Enough talk about silly trivial things like rising gas prices. It’s time to talk about more important things that affect all of us, the chief among them being the stairs outside of my place of work.
The hill that they traverse is long and sloping, so the stairs themselves are each abnormally long. In order to walk down them like a normal staircase you’d have to take ridiculously long strides and look like a jackass. However, the stairs aren’t long enough to take two full strides. So you end up take one stride, and one half stride, then a normal step down.

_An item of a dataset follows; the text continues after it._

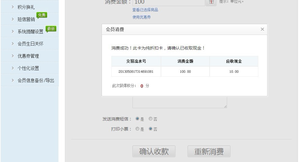显示会员消费成功,完成积分抵现。
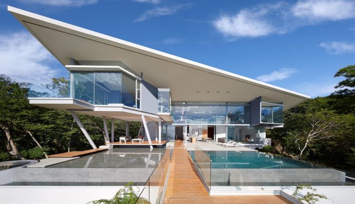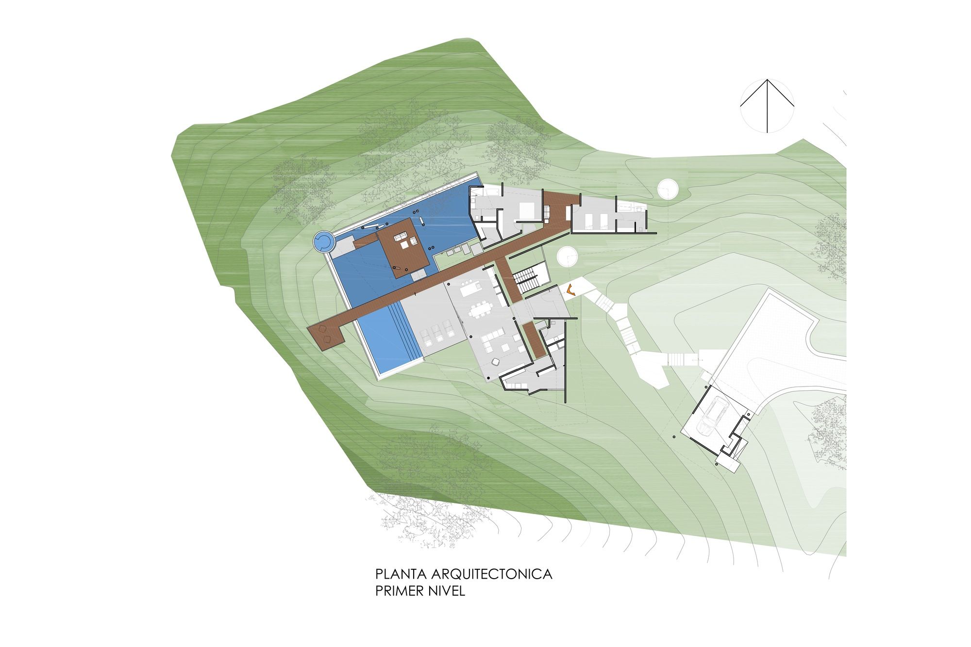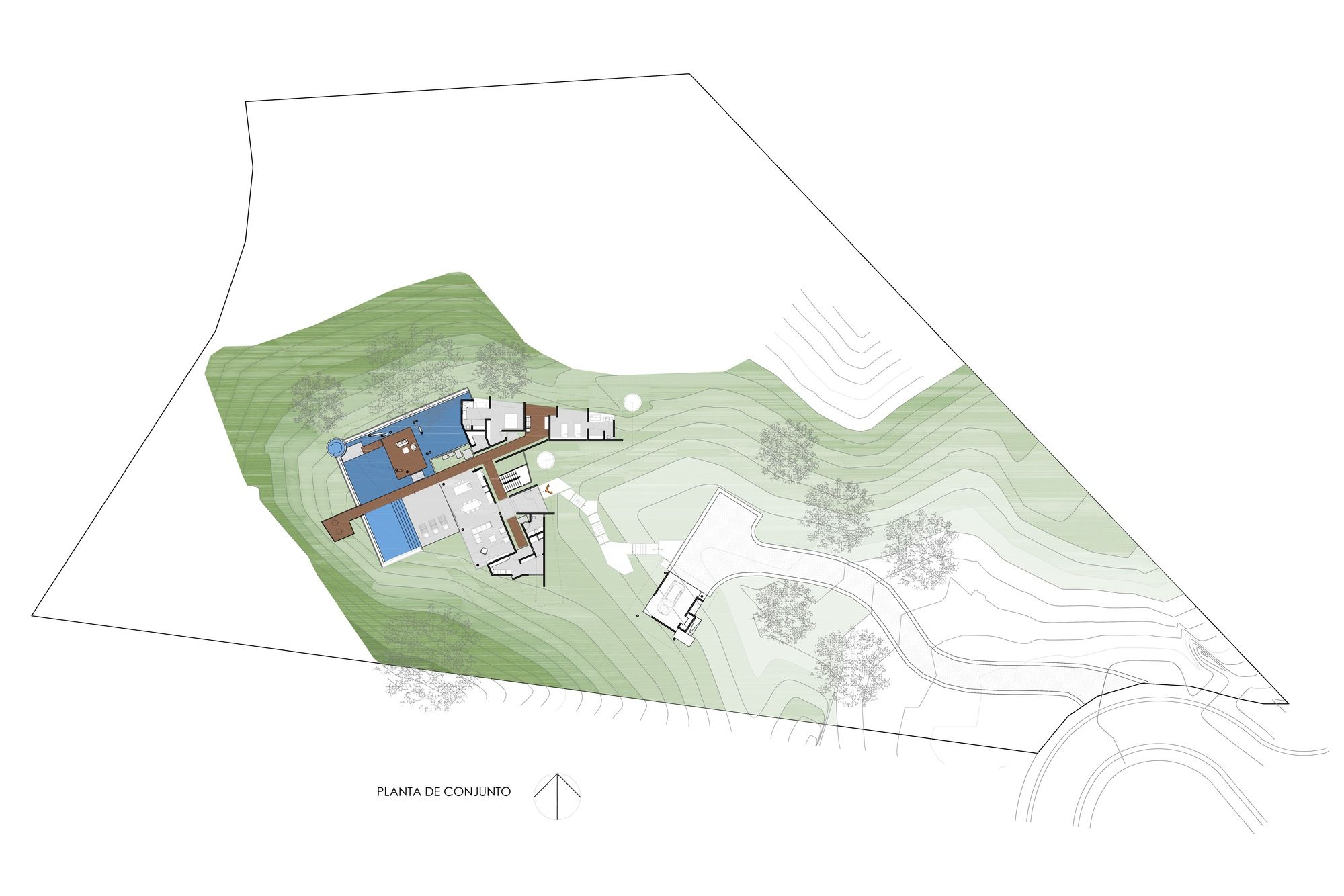 All living spaces have a view of the sea or the forest reserve. It has its main access via a lobby from which you can see the social area and the view to the sea. From here you can use the wooden boardwalk-like walkways that hover above scattered river stones that make up the two axes of circulation that structure the floor plan, or use the stairs to get to the two main bedrooms via bridges.

Or two small strides and a normal step. Or one normal stride and one overreaching stride to the next step. Or some other garbage like that.
The fact is that whoever designed these steps did so in such a way that no normal human being would be able to walk up or down them without looking like their nervous system has been attacked by some horrible disease, leaving them lurching around, unable to control their feet, as their co-workers look on in horror.
So I decided that I wanted to find this horrible person and ask them why they designed the stairs in such a way. But then I realized that whoever made such a staircase must be of some sort of super tall race of giants, or possibly ogres, whose incredibly long legs allow them to bound with the greatest of ease over stairs that us mere mortals find nearly uncrossable.
FG: “Yeah, I have a question.”
Stair Designer: “Stair Designer angry!”
FG: “Right, it’s about the stairs. Why did you—“
SD: “Arrarrgh! Stair Designer smash!”
Angry Villagers with Torches and Pitchforks: “There he is! Get him!”
SD: “Garrararrarghhh!”
FG: “Look, I’m obviously interrupting something here. I’ll come back later.”
This is the price we pay for outsourcing all of our stair design jobs overseas to the Land of Ogres.